Living a Life of Love

Love is more than affection and kind feelings. That was the emphasis of a song that came out many years ago by Don Francisco titled, “Love is not a Feeling.” The song speaks of love being a verb, something that was acted out towards others. His example? Jesus Christ!

Love is the heart of life revealed to us by God through Jesus Christ. From His life and teaching, we learn to love. So what does this look like? In 1 John 3:16-24, we read: “This is how we know what love is: Jesus Christ laid down his life for us. And we ought to lay down our lives for our brothers and sisters. If anyone has material possessions and sees a brother or sister in need but has no pity on them, how can the love of God be in that person? Dear children, let us not love with words or speech but with actions and in truth. This is how we know that we belong to the truth and how we set our hearts at rest in his presence: If our hearts condemn us, we know that God is greater than our hearts, and he knows everything. Dear friends, if our hearts do not condemn us, we have confidence before God and receive from him anything we ask because we keep his commands and do what pleases him. And this is his command: to believe in the name of his Son, Jesus Christ, and to love one another as he commanded us. The one who keeps God’s commands lives in him, and he in them. And this is how we know that he lives in us: We know it by the Spirit he gave us.”

When John writes in verse 23, “And this is his command: to believe in the name of his Son, Jesus Christ, and to love one another as he commanded us,” what does this look like?

How is love lived out? If we are unsure, it is difficult to model it and easy to pervert it. When we believe and live it out so clearly others see Christ. But if we allow the world to redefine God’s Word and change the intent, it can lead to the destruction of its influence in our lives. The question before us is this: How is love lived out?

Let me suggest a few ways, each important in developing community and being an example of an unbelieving and lost world.

Love begins with listening. In 1 John 3:11, John says, “This is the message you have heard.” We should not assume people actually listen or hear each other. What is sometimes said and what is received can be different. Our hearing can be selective, that is, we hear what we choose to hear and tune out that which we choose to ignore. We have all experienced in our relationships how listening fails. I would say this is especially true in our relationship with God.

To allow God’s love to be lived out in and through us, we must cultivate the discipline of listening. Like our relationship with God, our human relationships require quiet time. It requires us to close our mouths and give our attention to the other person. Living and loving, in relation to God and to others, requires a listening ear.
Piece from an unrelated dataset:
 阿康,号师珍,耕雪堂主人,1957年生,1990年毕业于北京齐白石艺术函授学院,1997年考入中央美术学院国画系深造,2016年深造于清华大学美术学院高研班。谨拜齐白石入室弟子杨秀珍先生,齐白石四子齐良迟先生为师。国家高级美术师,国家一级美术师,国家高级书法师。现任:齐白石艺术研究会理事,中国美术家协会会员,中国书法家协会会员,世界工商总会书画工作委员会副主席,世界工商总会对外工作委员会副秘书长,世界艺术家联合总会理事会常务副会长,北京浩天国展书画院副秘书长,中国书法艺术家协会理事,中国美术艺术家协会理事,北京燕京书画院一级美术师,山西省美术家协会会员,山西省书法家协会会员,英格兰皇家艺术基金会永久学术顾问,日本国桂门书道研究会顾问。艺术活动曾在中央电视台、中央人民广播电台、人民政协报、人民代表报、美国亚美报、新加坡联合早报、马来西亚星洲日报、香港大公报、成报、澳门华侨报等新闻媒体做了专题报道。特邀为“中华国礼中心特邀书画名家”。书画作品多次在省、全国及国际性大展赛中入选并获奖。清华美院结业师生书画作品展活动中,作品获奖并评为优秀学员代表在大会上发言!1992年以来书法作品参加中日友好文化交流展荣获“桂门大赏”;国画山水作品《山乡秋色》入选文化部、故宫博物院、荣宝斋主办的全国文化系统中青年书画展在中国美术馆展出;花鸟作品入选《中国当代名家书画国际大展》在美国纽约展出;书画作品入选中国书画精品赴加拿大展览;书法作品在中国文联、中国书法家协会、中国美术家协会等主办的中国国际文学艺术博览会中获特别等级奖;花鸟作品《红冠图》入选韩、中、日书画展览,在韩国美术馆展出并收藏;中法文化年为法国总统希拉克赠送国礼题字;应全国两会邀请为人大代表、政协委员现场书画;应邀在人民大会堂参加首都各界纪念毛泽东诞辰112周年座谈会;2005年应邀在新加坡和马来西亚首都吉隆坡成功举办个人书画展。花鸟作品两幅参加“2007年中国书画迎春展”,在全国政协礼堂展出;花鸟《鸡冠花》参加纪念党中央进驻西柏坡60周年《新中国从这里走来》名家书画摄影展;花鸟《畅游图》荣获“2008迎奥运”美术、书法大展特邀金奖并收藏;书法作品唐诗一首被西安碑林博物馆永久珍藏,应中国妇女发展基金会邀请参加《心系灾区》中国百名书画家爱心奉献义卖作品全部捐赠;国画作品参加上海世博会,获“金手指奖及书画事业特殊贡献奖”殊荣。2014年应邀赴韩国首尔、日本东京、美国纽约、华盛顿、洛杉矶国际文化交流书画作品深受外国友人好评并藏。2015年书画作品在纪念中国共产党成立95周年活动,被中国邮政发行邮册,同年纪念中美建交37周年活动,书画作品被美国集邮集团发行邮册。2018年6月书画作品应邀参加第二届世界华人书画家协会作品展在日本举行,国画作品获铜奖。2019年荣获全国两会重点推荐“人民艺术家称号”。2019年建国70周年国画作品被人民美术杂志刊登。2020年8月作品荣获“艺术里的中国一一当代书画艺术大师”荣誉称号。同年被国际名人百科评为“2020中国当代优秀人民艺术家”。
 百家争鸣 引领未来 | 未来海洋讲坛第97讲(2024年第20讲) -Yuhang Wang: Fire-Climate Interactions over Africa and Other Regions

It also suggests an ethic that is higher than cultural expectations. 1 John 3:13 says, “Don’t be surprised if the world hates you.” Think of how we are called to live. Deuteronomy 6:5 combined with Leviticus 19:18 created the ultimate purpose statement, “You shall love the LORD your God with all your heart, with all your soul, and with all your strength” and “You shall love your neighbour as yourself”. We know this in the New Testament as the “Golden Rule.”
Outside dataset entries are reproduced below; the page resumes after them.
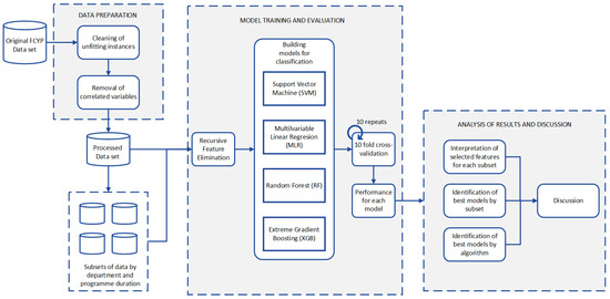 The objective of this study is to determine which variables best predict students’ outcomes in an introductory programming course offered to 20 engineering programmes at a Chilean university. To accomplish this, only variables that were recorded before the student enrolled in the course were used, including variables recorded upon the student’s admission to the university, the student’s performance during the first academic semester, and the theory and laboratory lecturers with whom each student registered for the course. The underlying hypothesis is that the current course design and implementation may not adequately address the diversity of student profiles, resulting in predetermined outcomes for many students. As a result, across the whole set of variables and across subsets of different students, classifiers were trained using Random Forests (RFs), Multivariate Logistic Regression (MLR), Support Vector Machines (SVMs), and Extreme Gradient Boosting (XGB). The course used for this study, “Fundamentos de Computación y Programación” (FCYP), is mandatory for 20 programmes imparted by the Faculty of Engineering at the Universidad de Santiago de Chile, 12 of which are 6 years long and the remaining 8 are 4 years long. For all programmes, the course is provided in the second semester of the first year, and it is preceded by first-semester common courses: Algebra I, Calculus I, Physics I, Introduction to Engineering, and Study Methods. The structure of the research presented in this paper is summarised in Figure 1 and further described in following sections.
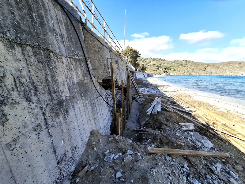 Πάμε τώρα στα “πληγωμένα”, αλλά εργωδώς επισκευαζόμενα (πειραματικώς;) Γυάλια. Και λέμε εργωδώς και πειραματικώς γιατί η επισκευές ξεκίνησαν “έτσι χωρίς σχέδιο ή μελέτη” από την πρώτη μέρα. Δια της μεθόδου: δοκιμή κι αποτυχία ή “βλέποντας και κάνοντας”! Με ποια μελέτη έγιναν όλα όσα έγιναν εδώ κι ένα μήνα; Άγνωστο. Μπορεί να υπήρξε μελέτη που να έλεγε “ρίξε μπάζα στην καθίζηση της θάλασσας κι από πάνω τσιμέντο”; Μάλλον δύσκολο. Γιατί τα μπάζα τα πήρε η θάλασσα κι η καθίζηση συνεχίστηκε…
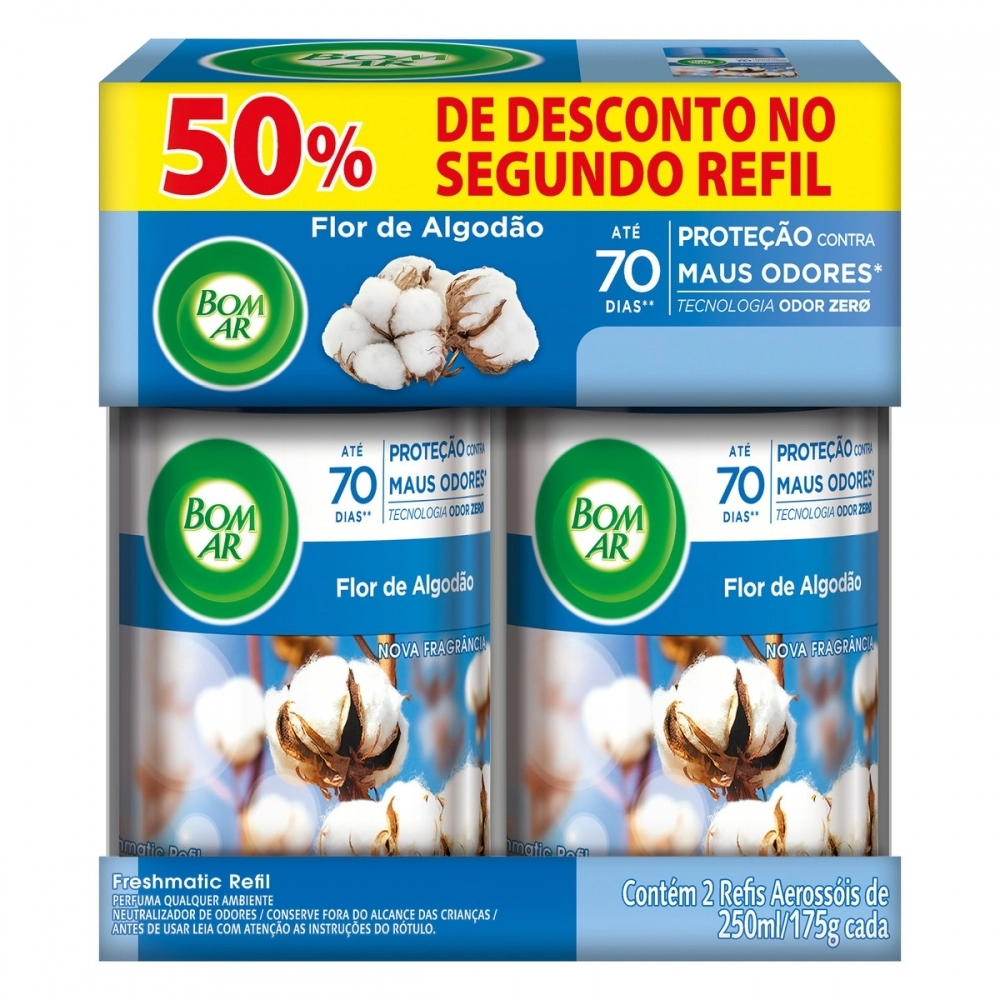 LIMPEZA>ESSENCIAL HOME>(P)2BOM AR FRESH FLOR DE ALGODAO 250ML 50% DESC 2º REF
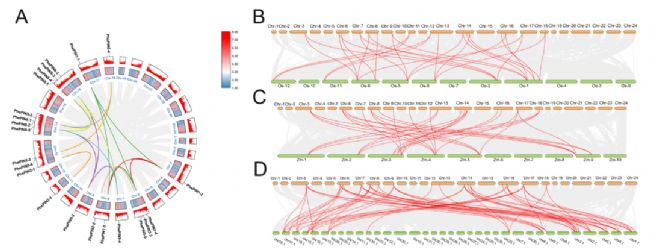 進(jìn)化過程中基因家族的擴(kuò)張和收縮會(huì)影響基因結(jié)構(gòu),進(jìn)而影響基因功能的分化,作者分析了毛竹PIN基因(PhePIN)家族的基因組同線群和比較共聯(lián)圖。研究發(fā)現(xiàn)分布在不同的染色體上的PIN基因的復(fù)制并導(dǎo)致毛竹中PIN家族基因的數(shù)量遠(yuǎn)高于水稻和擬南芥。全基因組水平上構(gòu)建的水稻、玉米和馬竹的比較共聯(lián)圖譜,發(fā)現(xiàn)毛竹的17個(gè)PhePIN基因與這3個(gè)物種的基因具有共線關(guān)系,表明這些基因在進(jìn)化早期就出現(xiàn)并穩(wěn)定存在。毛竹PIN基因在進(jìn)化上較為保守(圖3)。
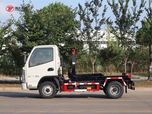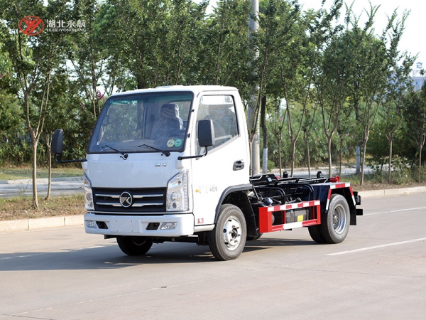 该车主要由拉臂钩总成、可移动箱体总成、液压系统、液压锁紧总成、电液操作系统组成,能实现一车与多个垃圾箱联合循环作业运输,整车具有结构简单、操作方便、装卸效率高、机械自动化程度高、节省人力的优点。

In John 13:34-35, Jesus says, “A new commandment I give to you, that you love one another; as I have loved you, that you also love one another. By this all will know that you are my disciples, if you have love for one another”. This is something way beyond what we can do on our own.

Jesus went above and beyond in His Sermon on Mount. His teaching brought an ethical dimension of faith. We are to live as light and salt, to practice piety in secret, to love our enemies, and to pray for those who abuse us. If we love only those who love us, we have done nothing, for even the unbelievers do that. This makes our faith an extraordinary faith.

And so the world hates us because it can’t understand us. Love calls for faith not just talked about but lived out. This kind of love is lived out in every aspect of life. In family life, parents sacrificially give of themselves for their children; in friendships as we offer the best of ourselves for the good of others, and in prayer groups and service groups, we become thousands of points of light in a dark world.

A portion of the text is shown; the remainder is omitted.